As a result, the state of Oregon paid out more jobless benefits than it should have. In 2011, the overpayments amounted to $41 million, an audit has found.
The state has sent out letters asking beneficiaries to repay the money, Employment Department officials told the Salem Statesman Journal.
Spokesman Craig Spivey said Thursday that about $24 million has already been returned.
The audit released by the secretary of state's office Wednesday said some recipients shouldn't have been paid, and some were overpaid.
Before the recession, Oregon offered 26 weeks of benefits. During the height of the recession, two separate federal extensions allowed people to file for as many as 99 weeks.
People switching from one program to the next would sometimes be paid out of both, said Dee Anna Hassanpour, deputy administrator of unemployment benefits. The computer system wasn't set up to catch the double filing, she said.
She said the people who should not have been paid usually were people who had gone back to work but continued to file. Some were people who filled out their claim application wrong.
Gary Blackmer, leader of the audits division, said the overpayment claims accounted for about 1 percent of all unemployment claims overall.
Spivey said few of the claims were fraud, and the state's experience has been that most people repay benefits that they've gotten through a mistake.
Oregon had about 100,000 unemployment claims at the end of 2008, he said. The next month, the number leaped to 217,000, an extreme increase that no one handled well, he said.
"When all of this was going on, especially at the height of the recession, the question was: Do you stop everyone from getting paid or do you let them do it and then deal with it five months down the road?" Hassanpour said.

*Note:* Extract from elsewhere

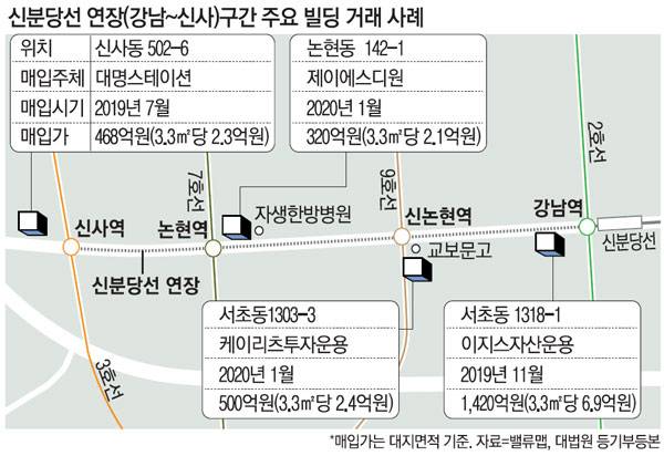 신분당선 연장선 종점 격인 신사역 6번 출구 북쪽 건물(신사동 502-6)은 지난해 468억원에 거래됐다. 대명그룹 계열 상조업체(장례식장 및 장의 관련 서비스업)인 대명스테이션은 대지면적 3.3㎡당 약 2억3000만원에 샀는데 2015년 인근 대형건물이 3.3㎡당 1억8000만원에 거래된 것보다 뛰었다.
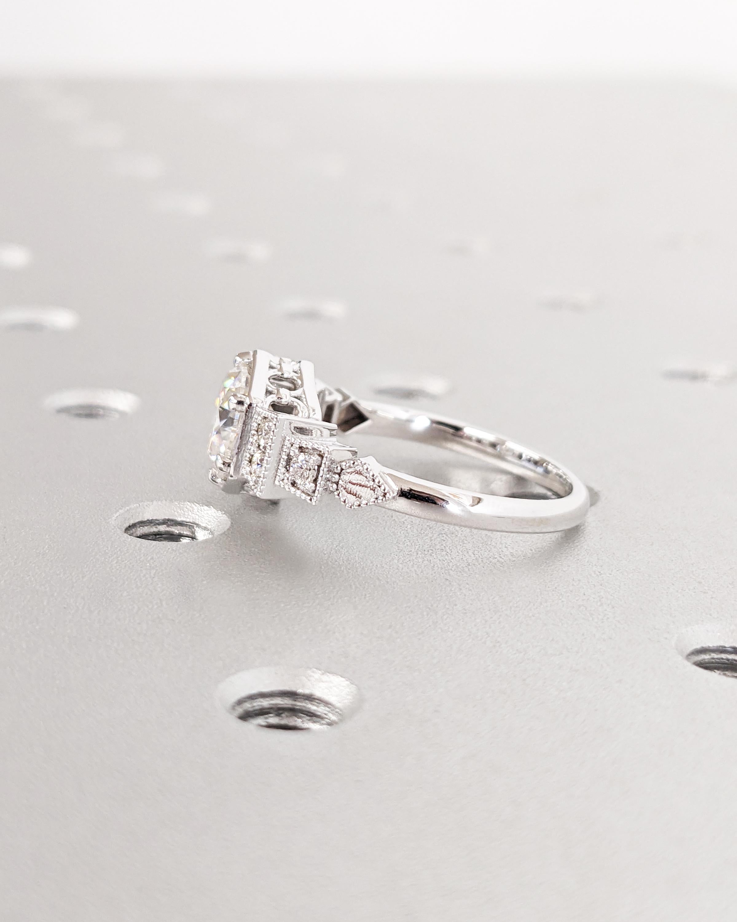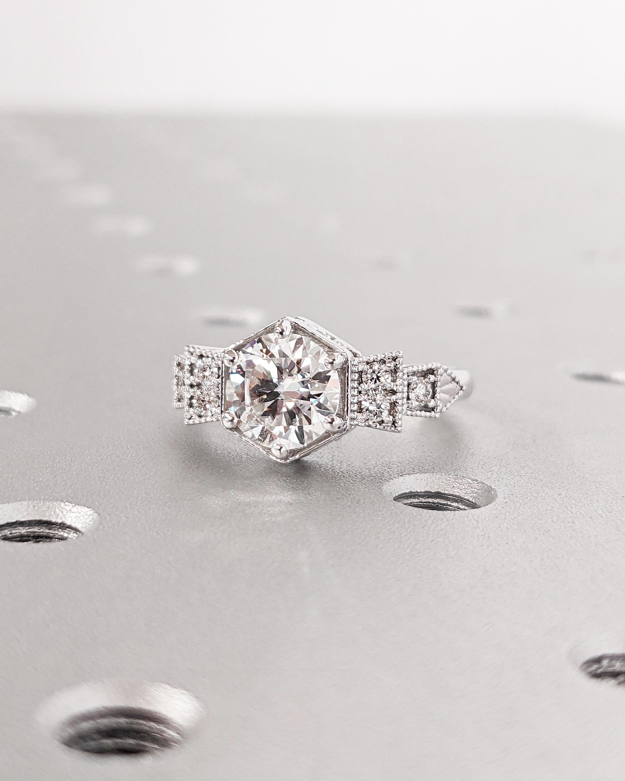 Reflecting the grandeur of a bygone era, this hexagonal open setting is adorned with fine milgrain accents, making it a standout piece. The antique chain pattern in the gallery elevates the stone, and the choice of pave natural diamond, lab diamond, or moissanite brings brilliance and charm.

Laurie Warner, the department director, wrote a response to the audit that agreed with its findings and said the department changed its computer system to catch most of the problems. For example, she said, it will stop double payments automatically.
In addition, the department now has about 11 people reviewing claims instead of the four who were doing that work when the recession hit.
On Thursday, the state launched a new web-based system to communicate with employers in real time. It's cross-referenced with another national database showing when workers are hired at a new job.
Hassanpour said she thinks "it will significantly reduce" overpayments.
KATU News reporter Dan Tilkin contributed to this report.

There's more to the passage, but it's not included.